Leaving pictures aside, set down each line exactly, from the first line of the data to the line with "Клавиатура для ноутбука", both included.

Collected data entries
::::

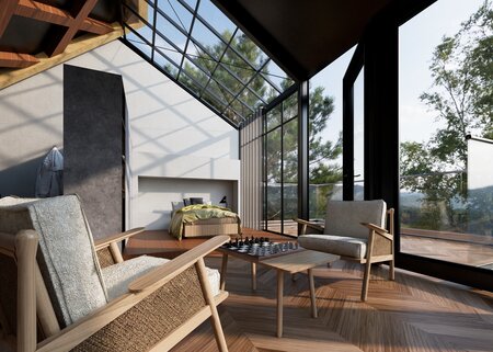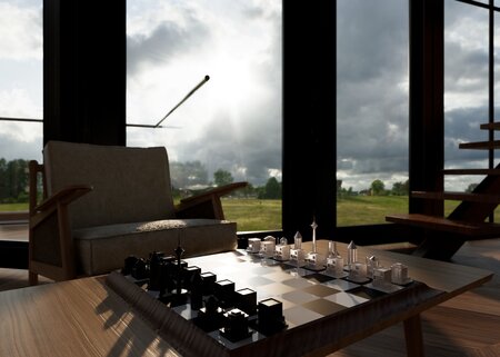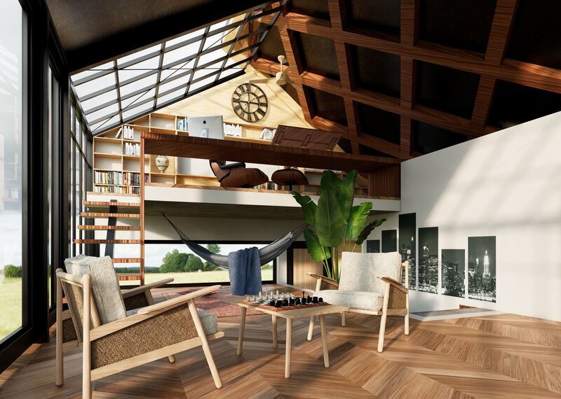 Accurate modeling with quality objects and materials in Sketchup and realistic renderings with Inscape rendering engine, entrance space, sleeping, working, resting, and bathroom and toilet
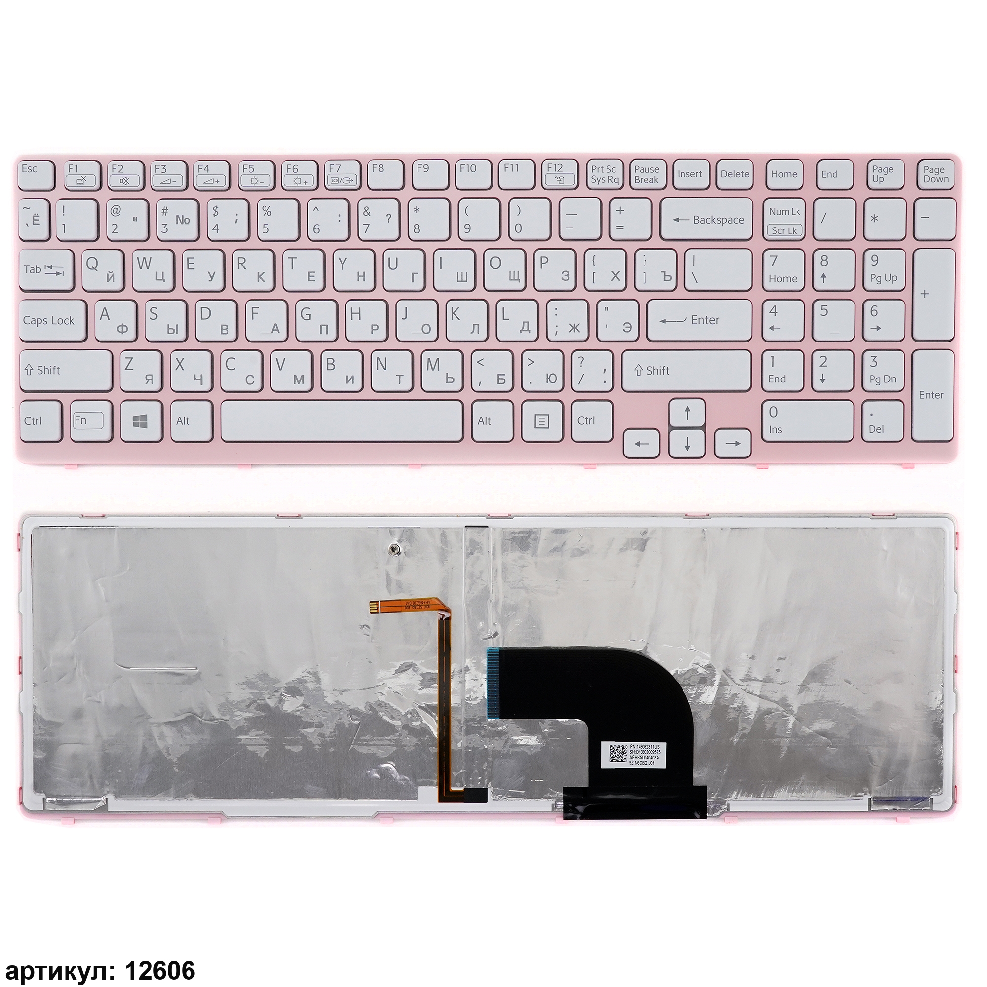 Клавиатура для ноутбука Sony Vaio E15 белая с розовой рамкой, с подсветкой
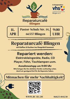 Zum nächsten Reparaturcafé treffen wir uns am Samstag, 11.04.2026, um 09:00 Uhr in der VHS Illingen, Pastor-Schulz-Straße 14. Unsere Reparaturcafés bieten eine entspannte Atmosphäre, in der defekte Alltagsgegenstände gemeinsam repariert werden – unten in der Werkstatt oder oben im Café. Es geht um gegenseitige Unterstützung, Selbsthilfe, Beratung und gemeinsames Werken. Falls sie Geräteunterlagen oder nötiges Zubehör haben, bringen sie die Sachen bitte mit. Mehr dazu unter www.rc-illingen.de, neuerdings gehen wir auch Näharbeiten und Flickwerk an. Unser Angebot besteht jeden 2. Samstag im Monat von 09:00 bis 13:00 Uhr in der VHS Illingen e.V., Pastor-Schulz-Straße 14. Ehrenamtlich engagieren – gemeinsam etwas bewegen! Sie wollen sich aktiv für Nachhaltigkeit, Gemeinschaft und sinnvolle Projekte einsetzen? Dann sind Sie bei uns genau richtig! Das Reparaturcafé Illingen lebt vom Engagement vieler helfender Hände und wir freuen uns über jeden, der unser Team verstärken möchte. Warum mitmachen? Es geht nicht nur um das Reparieren selbst, sondern um viel mehr: Müll vermeiden & Ressourcen sparen, Wissen weitergeben & voneinander lernen, Gemeinschaft erleben & neue Kontakte knüpfen, ein Zeichen für Nachhaltigkeit setzen und vieles mehr. Was Sie mitbringen sollten? Sie müssen kein Profi sein – wichtig ist die Lust, sich einzubringen. Derzeit suchen wir vor allem Reparaturhelfer:innen. Auch technikaffine Menschen als IT-Lotsen oder Social-Media-Unterstützer:innen sind herzlich willkommen! Sie möchten dabei sein? Dann melden sie sich ganz unkompliziert bei uns! Kontakt: info@rc-ill.de oder Telefon: 06825 404230. Oder kommen sie einfach beim nächsten Termin vorbei und lernen uns persönlich kennen. Wir freuen uns über neue Gesichter, frische Ideen und viele helfende Hände. Gemeinsam für mehr Nachhaltigkeit – mach mit im Team des Reparaturcafés Illingen!
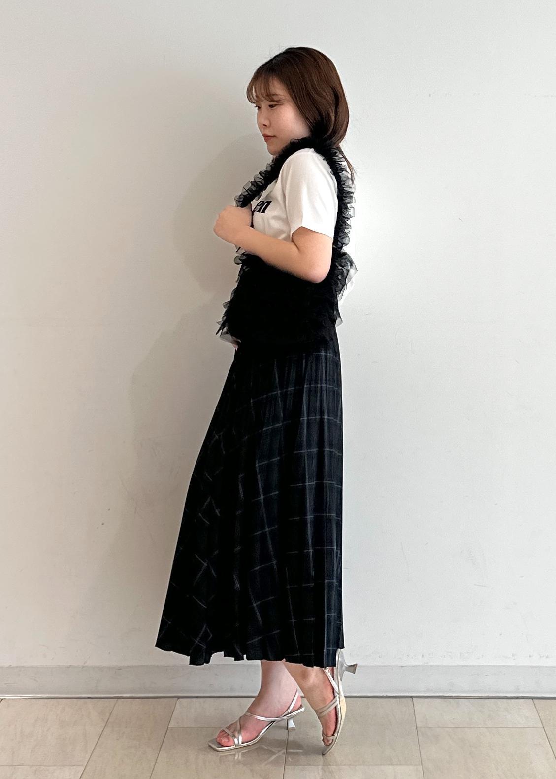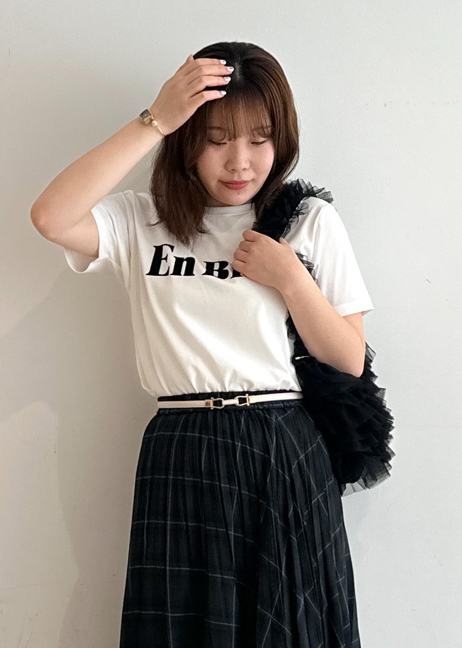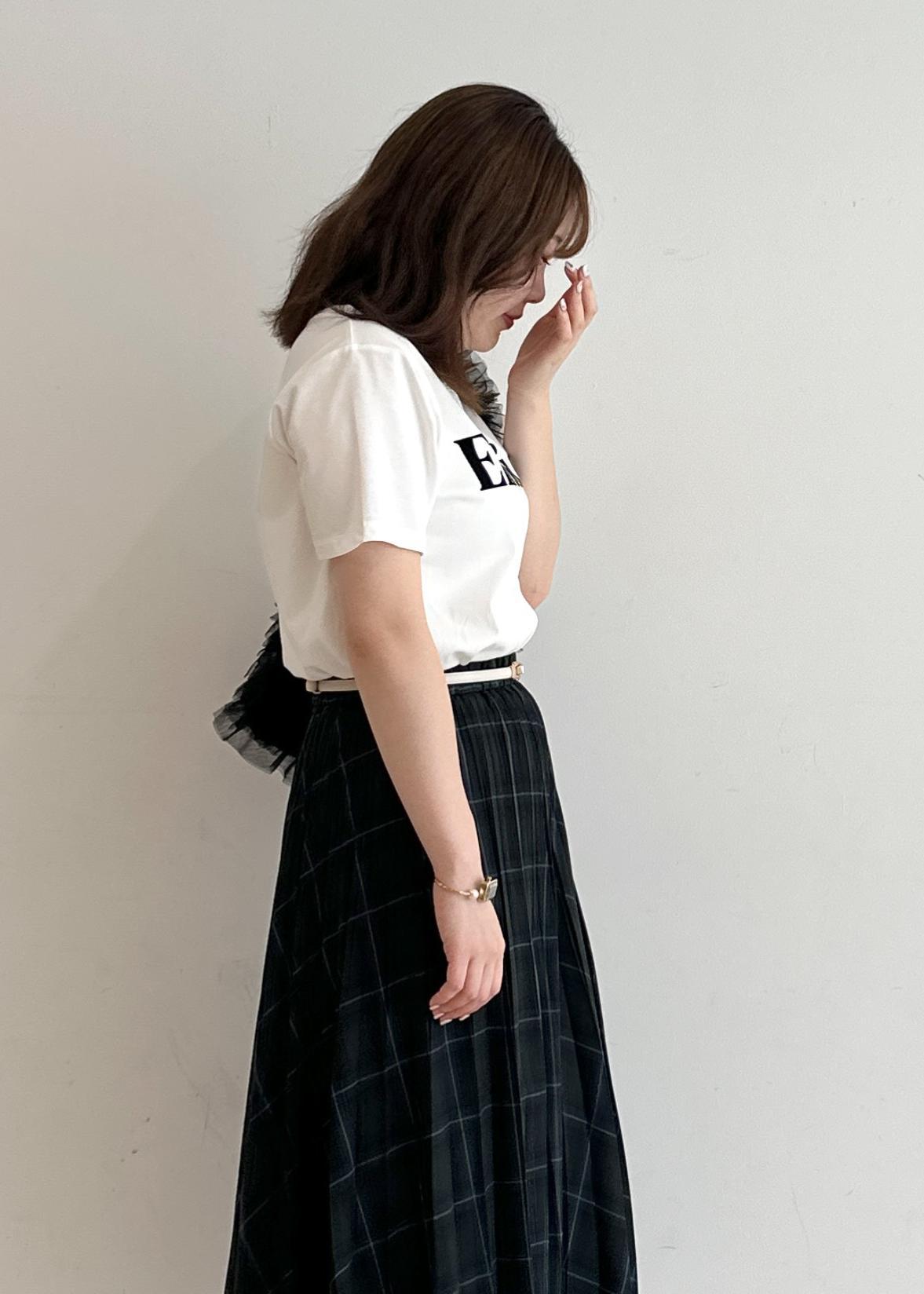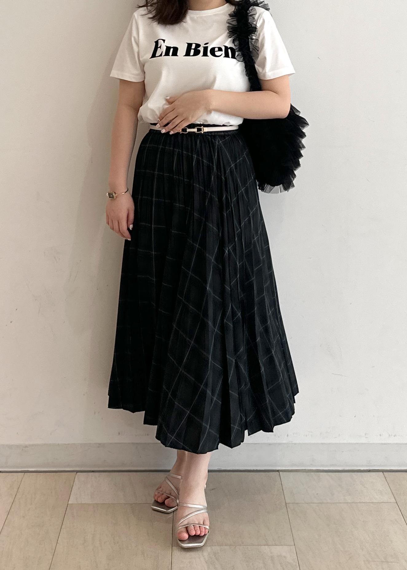 秋先取りのチェックスカートとシンプルなロゴが可愛らしい雰囲気を作ってくれて、着飾らなくてもおしゃれに見えるコーディネートです♪
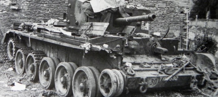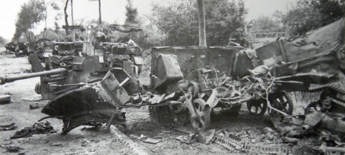 Ein Teil der zerschossenen 24 Panzer an der Straße von Villers-Bocage von der 7. britischen Panzerdivision | |||||
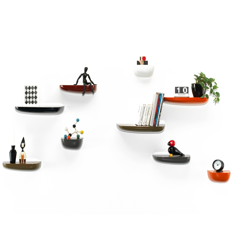 Created by the Bouroullec brothers, Corniches emerged from the need for small spaces in which to spontaneously store belongings. "We need small, informal storage spaces on a daily basis, in the same way as we hang our things on a rock protruding out from a cliff before diving into the sea." explains Ronan Bouroullec. This is why Corniches are neither standard shelves nor simple horizontal surfaces, but rather individual, isolated protrusions in the environments we create. Whether as a key rack beside the front door, a spot to put the soap dispenser in the bathroom, a display stand for small collections of objects, or as a large feature, Corniches represent a new way to use the walls in your living space. Presented by Vitra at the 2012 Milan Furniture Fair, Corniches can be displayed according to your own inventiveness, for example by displaying a series of them on a wall in your living room or bedroom, or individually in your hallway.
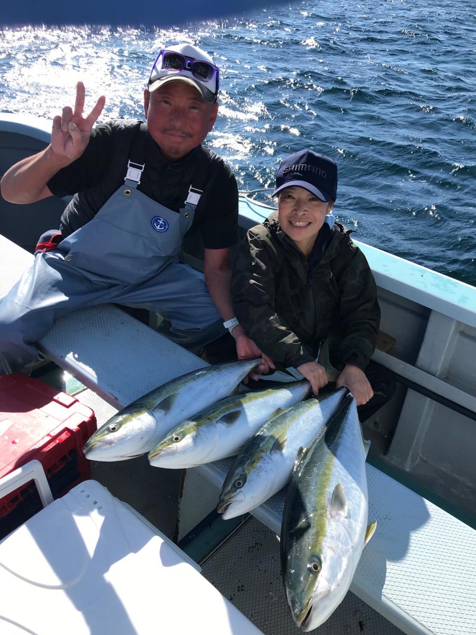 本日はワラサに出船今日は貸竿の皆さん頑張ってくれて有難うございました。ワラサ5本GET出来良かったです。今日はお疲れ様でした。iPhoneから送信
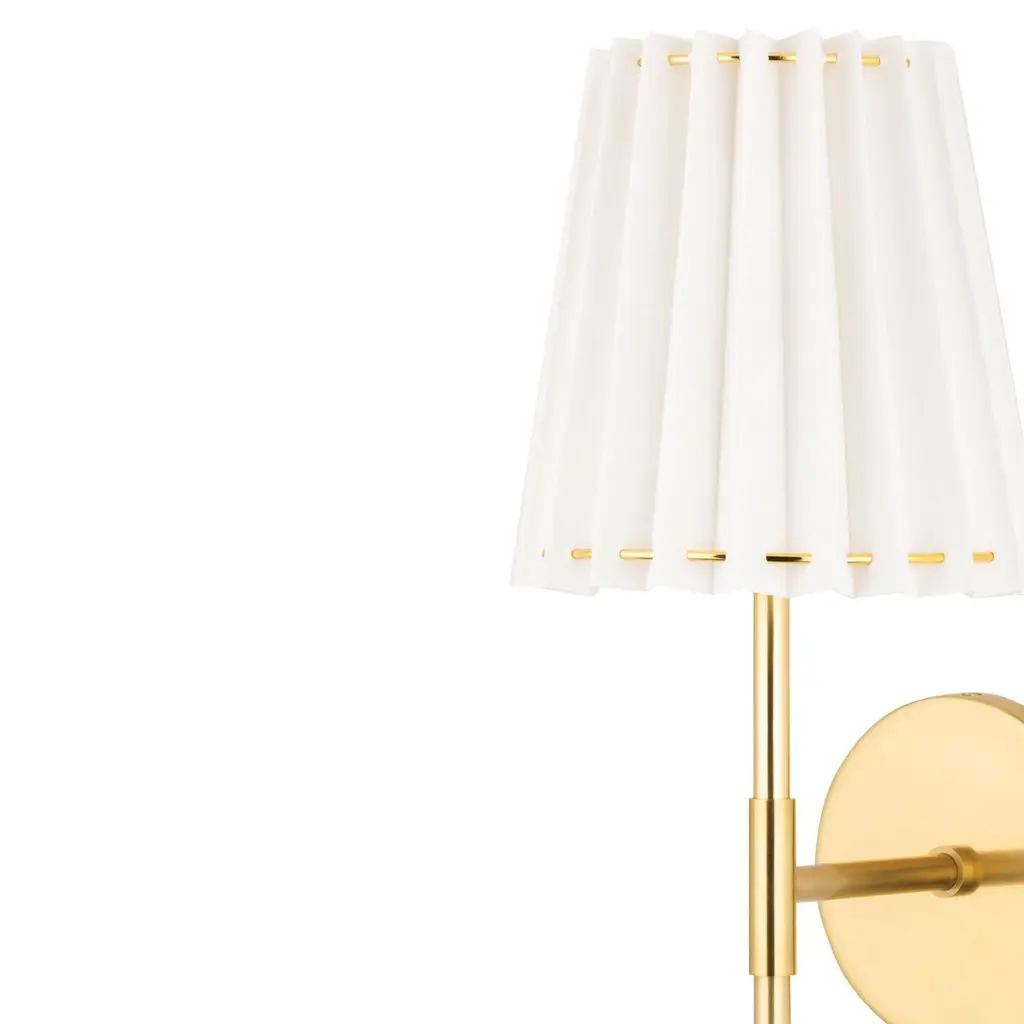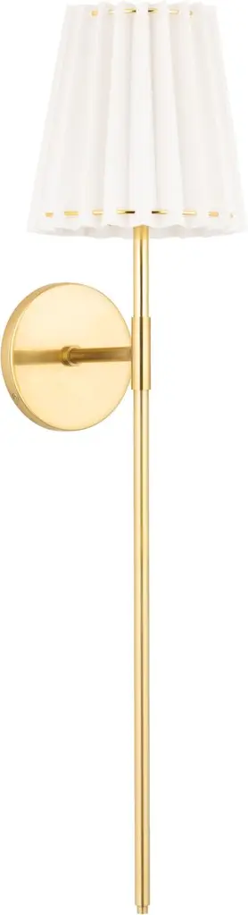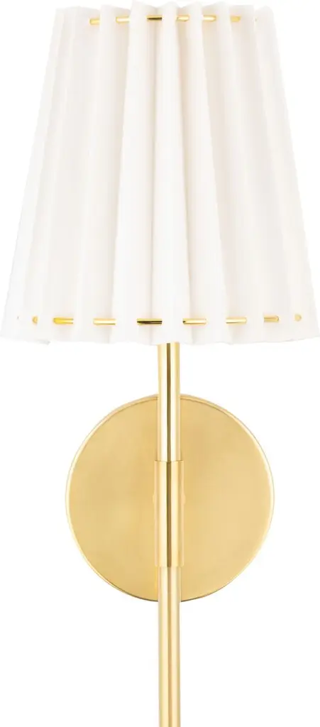 A slender brass ring threaded through the bottom of the Belgian linen shade accentuates this sconce's timeless elegance. Because the sconce is damp rated, you can place it in a bathroom as well as beside a bed, in a hall, or just about anywhere else in your home.

::::

*Task solution*
 Accurate modeling with quality objects and materials in Sketchup and realistic renderings with Inscape rendering engine, entrance space, sleeping, working, resting, and bathroom and toilet
 Клавиатура для ноутбука Sony Vaio E15 белая с розовой рамкой, с подсветкой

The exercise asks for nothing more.